» DATA FOR ANALYSIS:
= = = = = = =
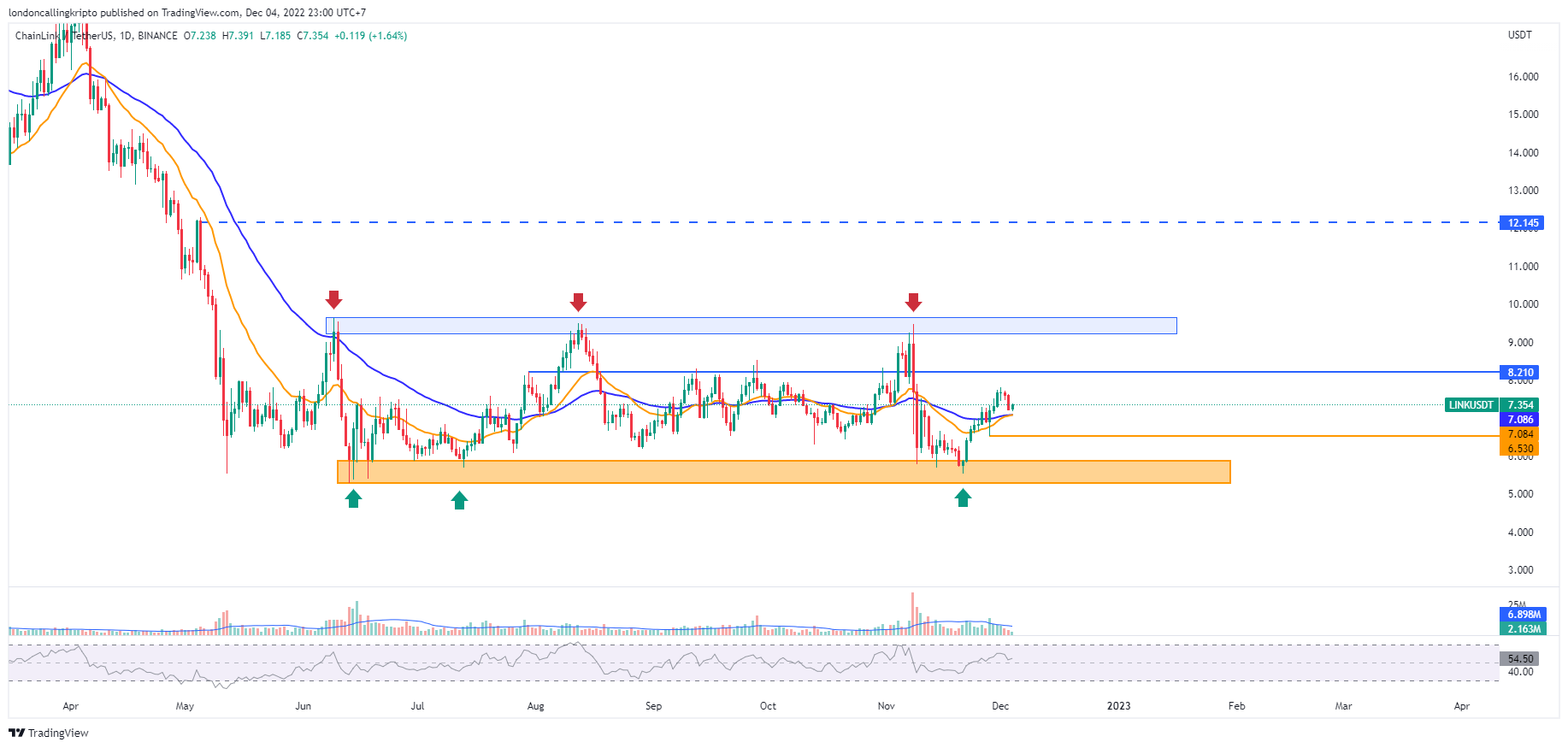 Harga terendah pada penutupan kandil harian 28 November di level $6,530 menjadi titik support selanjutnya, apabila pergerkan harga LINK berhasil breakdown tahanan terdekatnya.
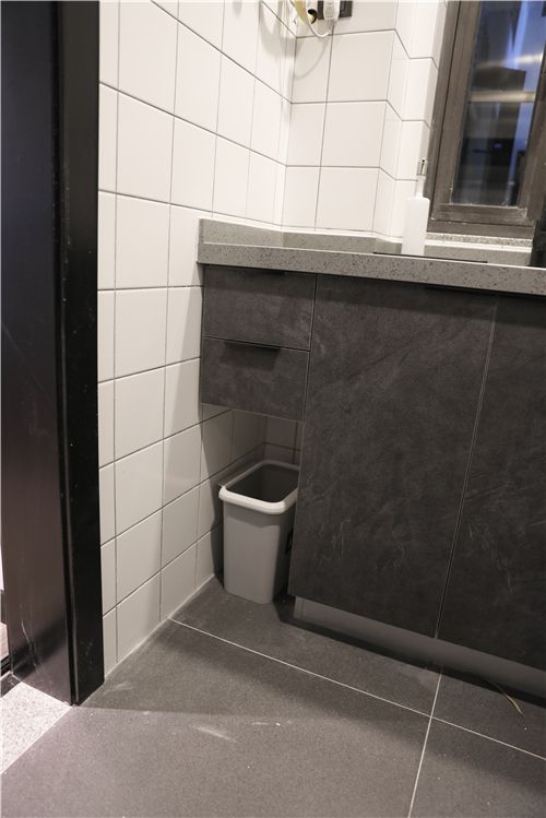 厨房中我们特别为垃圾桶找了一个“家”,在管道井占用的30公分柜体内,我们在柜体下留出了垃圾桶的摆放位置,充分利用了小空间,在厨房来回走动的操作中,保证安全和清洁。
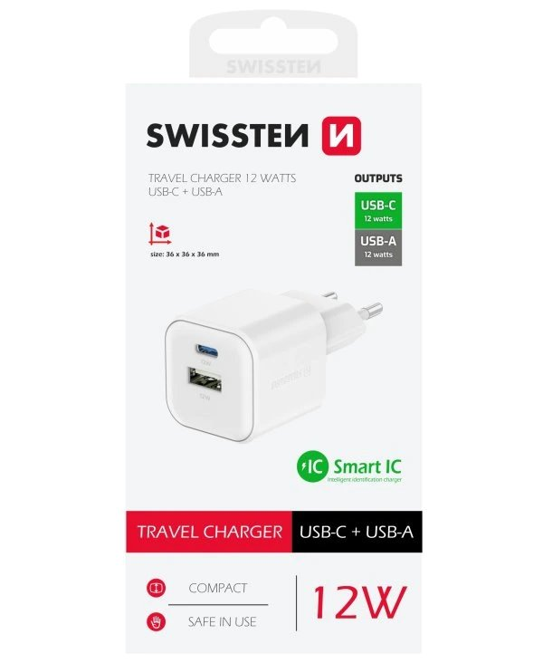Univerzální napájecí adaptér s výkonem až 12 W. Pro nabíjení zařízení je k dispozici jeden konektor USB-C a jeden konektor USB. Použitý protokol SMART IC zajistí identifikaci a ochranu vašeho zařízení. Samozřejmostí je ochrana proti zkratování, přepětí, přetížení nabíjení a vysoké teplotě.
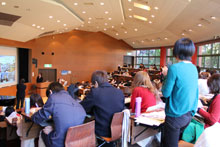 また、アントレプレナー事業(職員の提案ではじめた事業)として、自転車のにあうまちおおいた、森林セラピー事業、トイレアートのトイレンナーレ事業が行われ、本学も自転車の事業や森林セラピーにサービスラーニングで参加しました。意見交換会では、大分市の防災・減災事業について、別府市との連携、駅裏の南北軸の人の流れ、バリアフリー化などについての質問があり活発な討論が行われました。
= = = = = = =
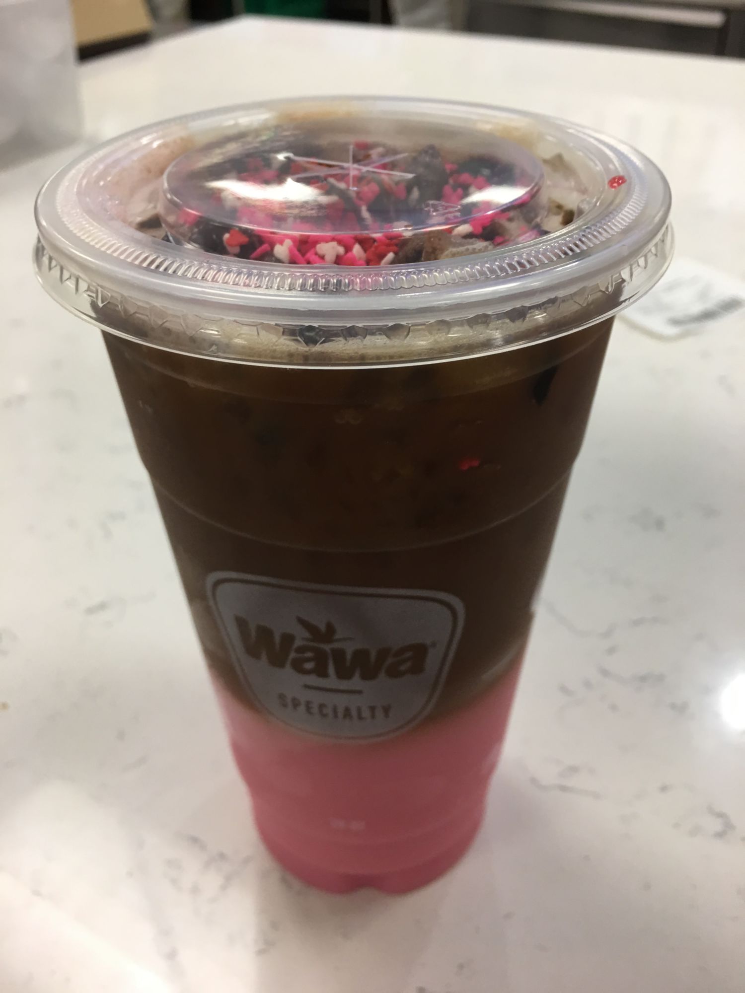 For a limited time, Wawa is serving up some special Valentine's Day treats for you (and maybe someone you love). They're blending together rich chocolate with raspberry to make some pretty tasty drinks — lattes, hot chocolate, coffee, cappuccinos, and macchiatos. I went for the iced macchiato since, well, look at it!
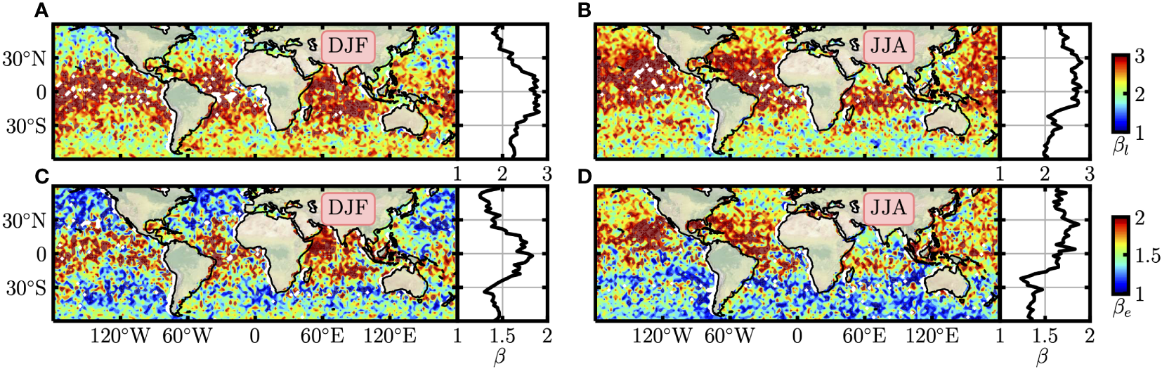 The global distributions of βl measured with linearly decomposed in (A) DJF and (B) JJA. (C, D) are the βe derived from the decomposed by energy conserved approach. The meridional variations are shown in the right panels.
= = = = = = =
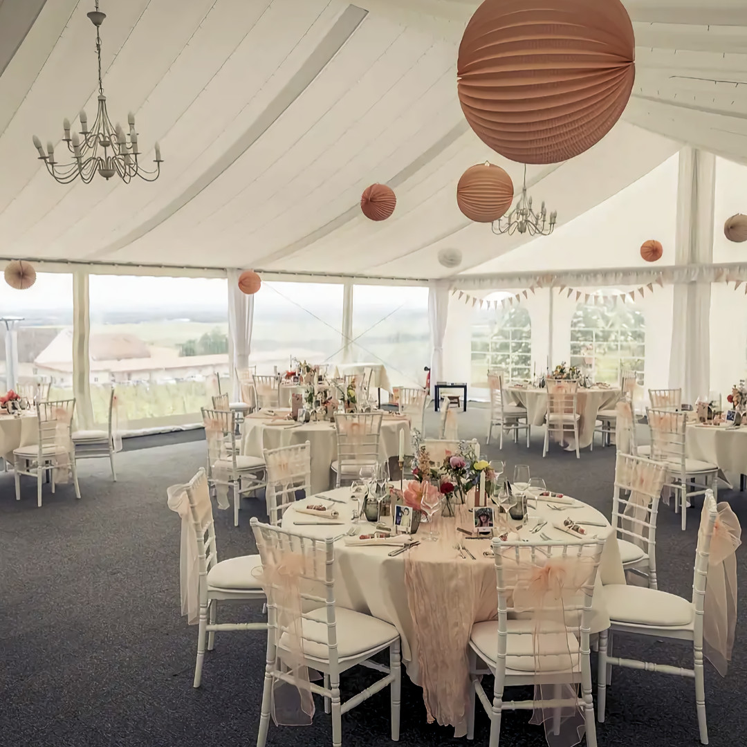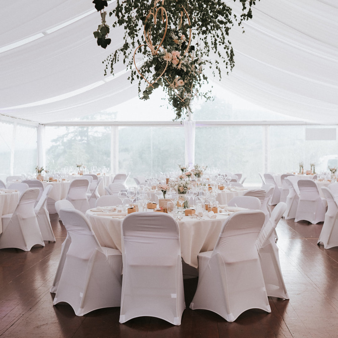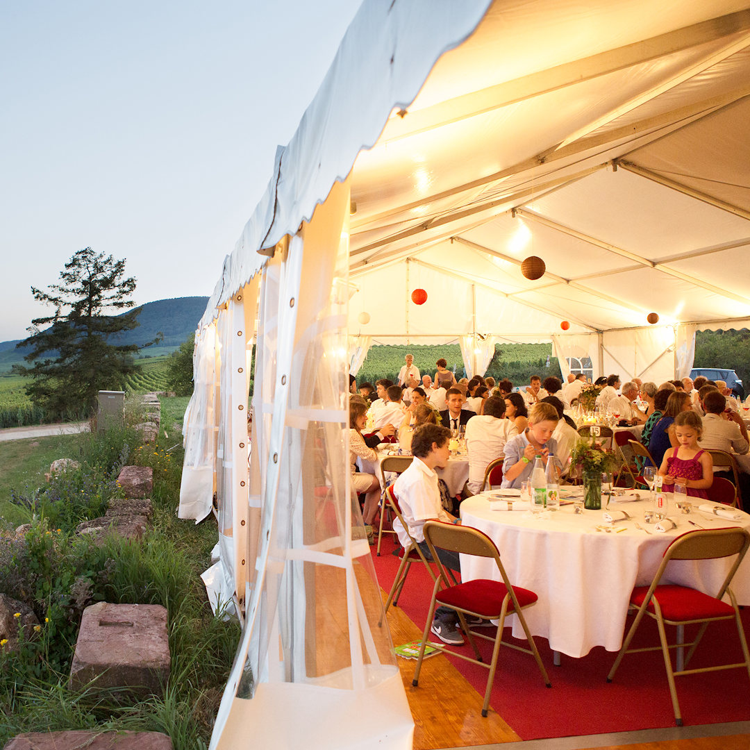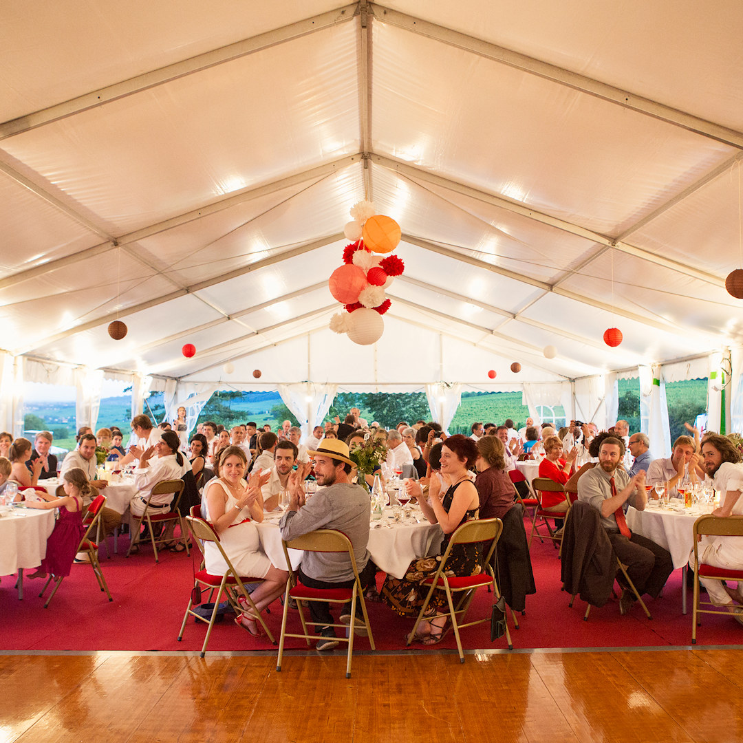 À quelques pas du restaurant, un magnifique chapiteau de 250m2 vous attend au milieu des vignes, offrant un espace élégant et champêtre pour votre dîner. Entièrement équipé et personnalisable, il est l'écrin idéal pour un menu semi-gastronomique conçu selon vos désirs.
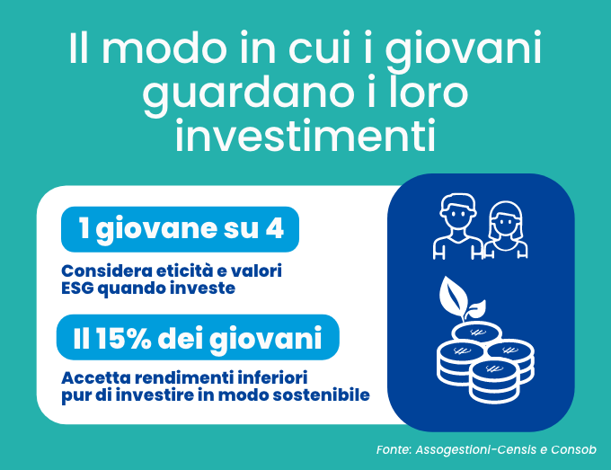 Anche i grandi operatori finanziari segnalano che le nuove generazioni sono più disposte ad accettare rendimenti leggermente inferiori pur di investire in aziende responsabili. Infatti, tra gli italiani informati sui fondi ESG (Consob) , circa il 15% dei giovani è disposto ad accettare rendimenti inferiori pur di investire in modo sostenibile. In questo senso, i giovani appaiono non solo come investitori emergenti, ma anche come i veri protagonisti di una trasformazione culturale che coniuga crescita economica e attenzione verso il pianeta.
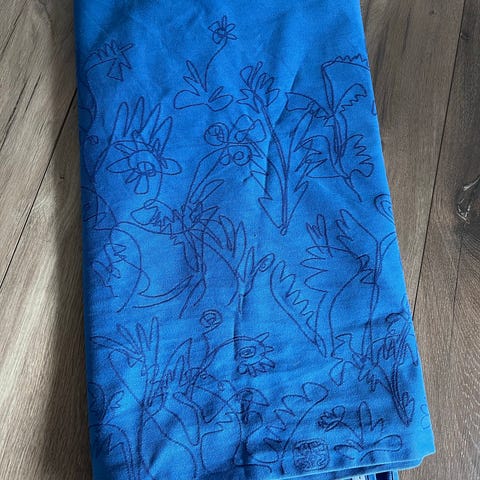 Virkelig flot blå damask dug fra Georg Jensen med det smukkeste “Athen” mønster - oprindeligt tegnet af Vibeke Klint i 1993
= = = = = = =
Those lines of the records above that run from the one containing "Harga terendah pada" through the one containing "また、アントレプレナー事業(職員の提案で" should be returned exactly, with no pictures among them.

 Harga terendah pada penutupan kandil harian 28 November di level $6,530 menjadi titik support selanjutnya, apabila pergerkan harga LINK berhasil breakdown tahanan terdekatnya.
 厨房中我们特别为垃圾桶找了一个“家”,在管道井占用的30公分柜体内,我们在柜体下留出了垃圾桶的摆放位置,充分利用了小空间,在厨房来回走动的操作中,保证安全和清洁。
Univerzální napájecí adaptér s výkonem až 12 W. Pro nabíjení zařízení je k dispozici jeden konektor USB-C a jeden konektor USB. Použitý protokol SMART IC zajistí identifikaci a ochranu vašeho zařízení. Samozřejmostí je ochrana proti zkratování, přepětí, přetížení nabíjení a vysoké teplotě.
 また、アントレプレナー事業(職員の提案ではじめた事業)として、自転車のにあうまちおおいた、森林セラピー事業、トイレアートのトイレンナーレ事業が行われ、本学も自転車の事業や森林セラピーにサービスラーニングで参加しました。意見交換会では、大分市の防災・減災事業について、別府市との連携、駅裏の南北軸の人の流れ、バリアフリー化などについての質問があり活発な討論が行われました。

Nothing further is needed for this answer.